Finding Basis & Spanning Set for Matrix: a,b,c,d

[Offlinedoctor]

I'm having trouble finding the spanning set and basis for the matrix;

| a b |
| c d | with condition that b=d

I'm thinking thinking the spanning set would be
A= x
B = y
C = z

Such that x,y,z are all reals, but I can't think of how to find a basis for this, I'm thinking of doing row echolon form but am thinking of how to set parameters.

 

[tiny-tim]

Hi Offlinedoctor!

I'm thinking thinking the spanning set would be
A= x
B = y
C = z

Such that x,y,z are all reals …

I don't understand this at all.

The members of the spanning set will all be matrices.

Try again. ​

 

[Skins]

Are you looking for a basis for the subspace of all 2x2 matrices such that both entries in the second column are equal ?
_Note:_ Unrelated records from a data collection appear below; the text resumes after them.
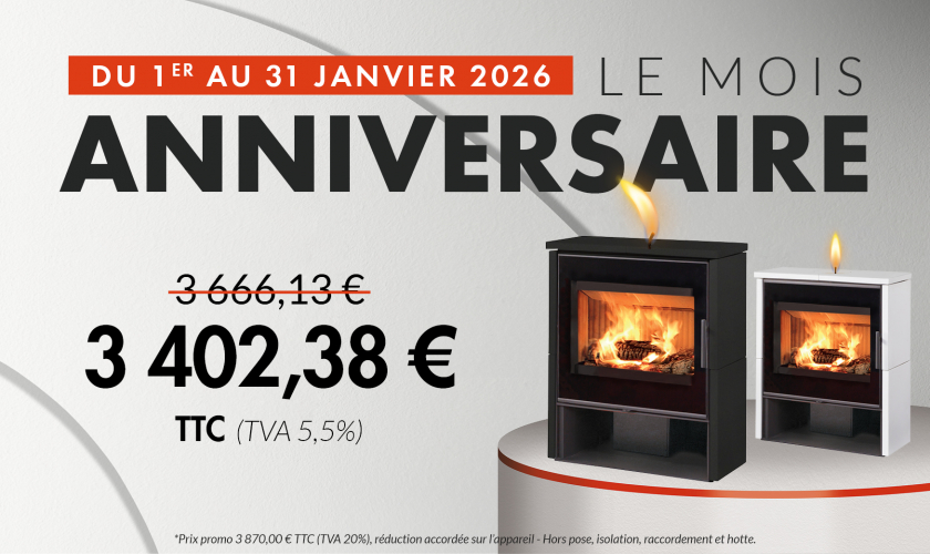 Il possède une grande porte vitrée et une large chambre de combustion en chamotte (bûches de 45 cm de large). Mais il optimise l’espace grâce à sa faible profondeur: 37 cm.
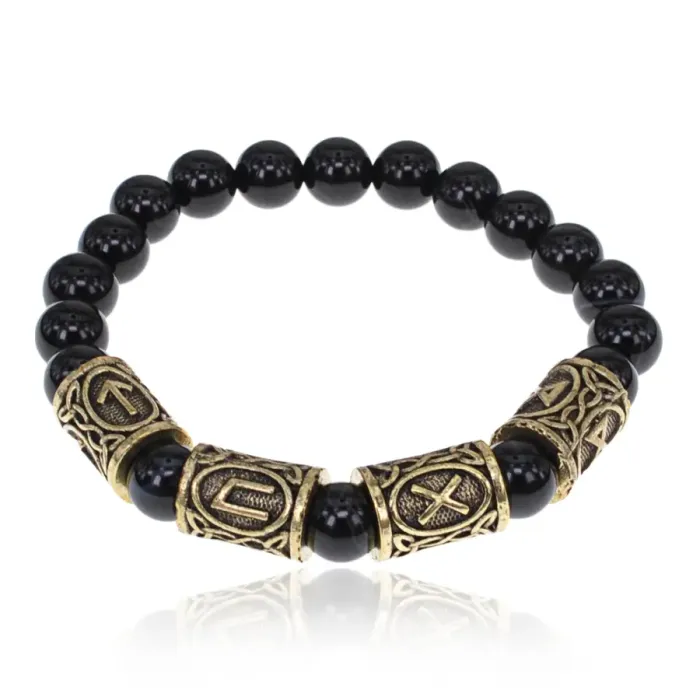 Браслет для ношения с руническими символами. Изготовлен из натурального чёрного агата и бижутерного сплава с покрытием под золото.
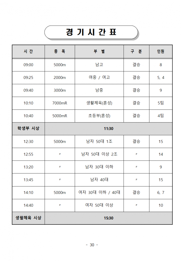 공지사항 보기 제목 2023 교육감기 장거리달리기 대회 및 생활체육 장거리달리기대회 시간표 조회수 2,955회 관련링크 본문 대회시간표 참조하여 주시기 바랍니다. 감사합니다. 이전글 다음글 목록
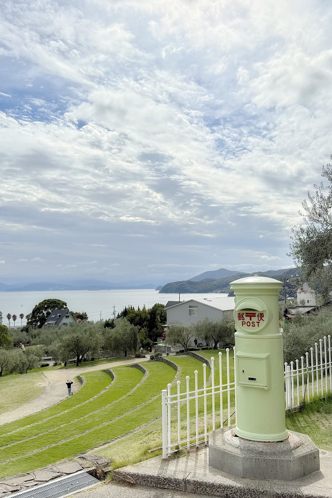 備忘録 オリーブオイル!ない!!明日忘れずに買わにゃー買う時間あるかな…🤔 てか、小豆島に行ってオリーブオイル買わなかった自分を呪うわよ…何やってんの、ホント!笑 写真はオリーブ🫒色な郵便ポストです ☺︎
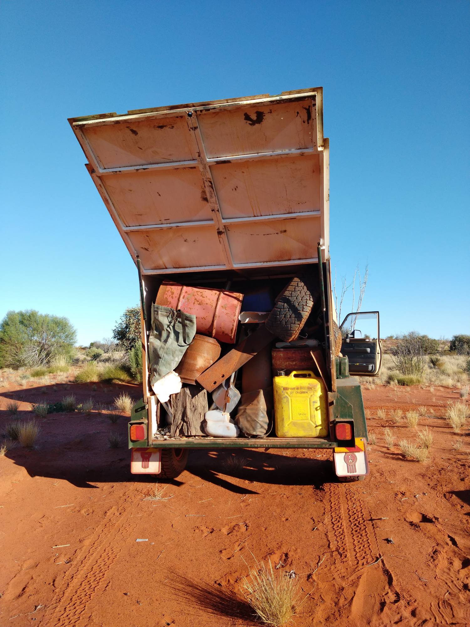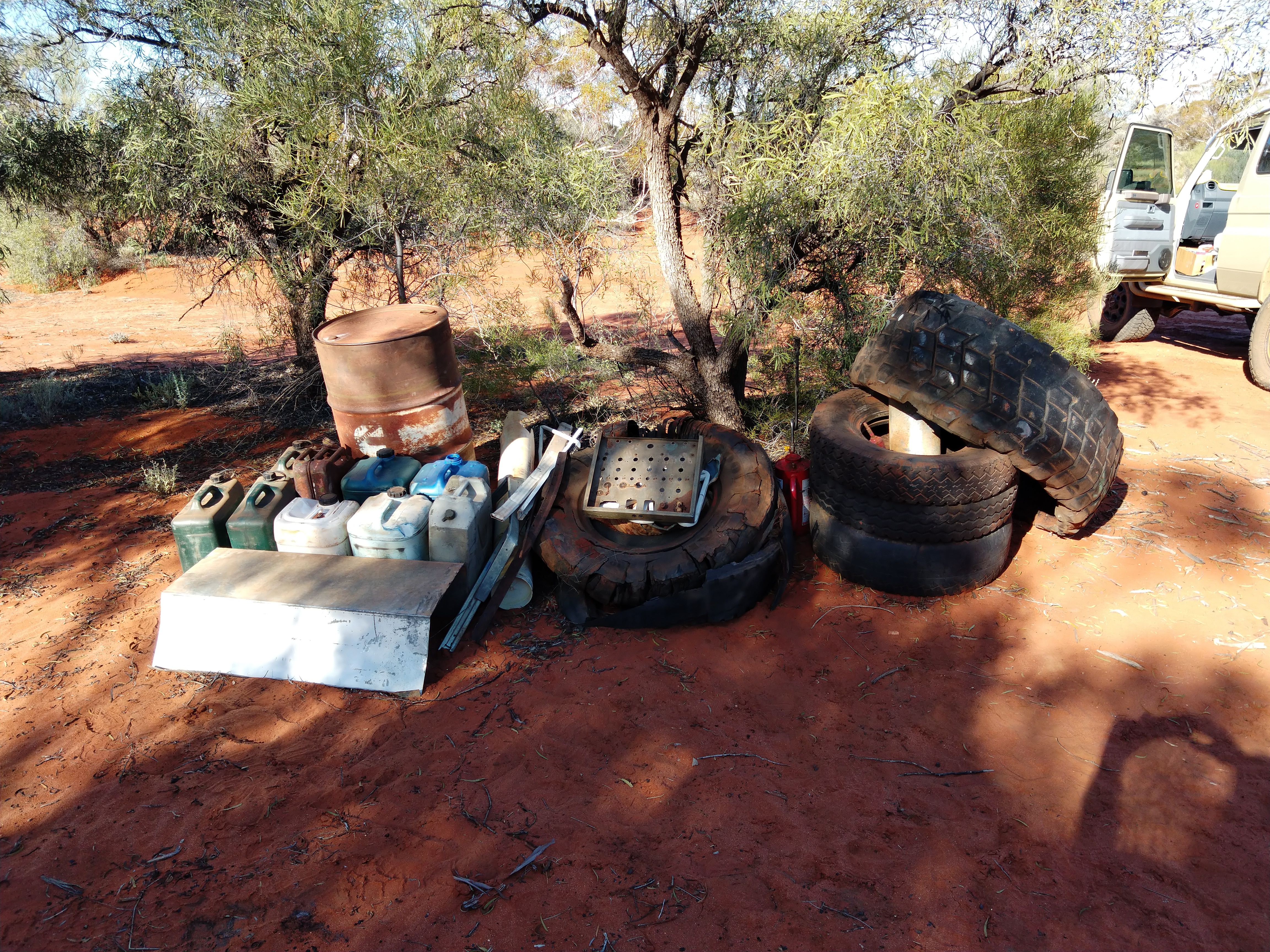 "There were empty stubbies, a couple of empty lolly wrappers, two bull bars and quite a few tyres, old oil drums, empty jerry cans where people had bought fuel, tipped it in and just placed it on the side of the track," he said.

Or are you only dealing with a single particular matrix in which case saying "basis for the matrix" would make no sense. Generally when we refer to a basis with regards to a single matrix we are referring to a basis for its column space, row space, or null spaces, of the columns and rows. In the context of linear algebra a basis is a minimal spanning set for a vector space.

Add some more detail to statement of the problem.

 

[HallsofIvy]

I think I answered this before- on a different forum (and for a different poster user name).

I suspect you are asking for a subspace of all 2 by 2 matrices of the form
$$\begin{bmatrix} a & b \\ c & d \end{bmatrix}$$
such that b= d.

Such a matrix looks like
$$\begin{bmatrix}a & b \\ c & b \end{bmatrix}= \begin{bmatrix}a & 0 \\ 0 & 0 \end{bmatrix}+ \begin{bmatrix}0 & b \\ 0 & b \end{bmatrix}+ \begin{bmatrix}0 & 0 \\ c & 0\end{bmatrix}$$
$$= a\begin{bmatrix}1 & 0 \\ 0 & 0 \end{bmatrix}+ b\begin{bmatrix}0 & 1 \\ 0 & 1\end{bmatrix}+ c\begin{bmatrix}0 & 0 \\ 1 & 0 \end{bmatrix}$$
If that does not answer your question, you need to talk to your instructor.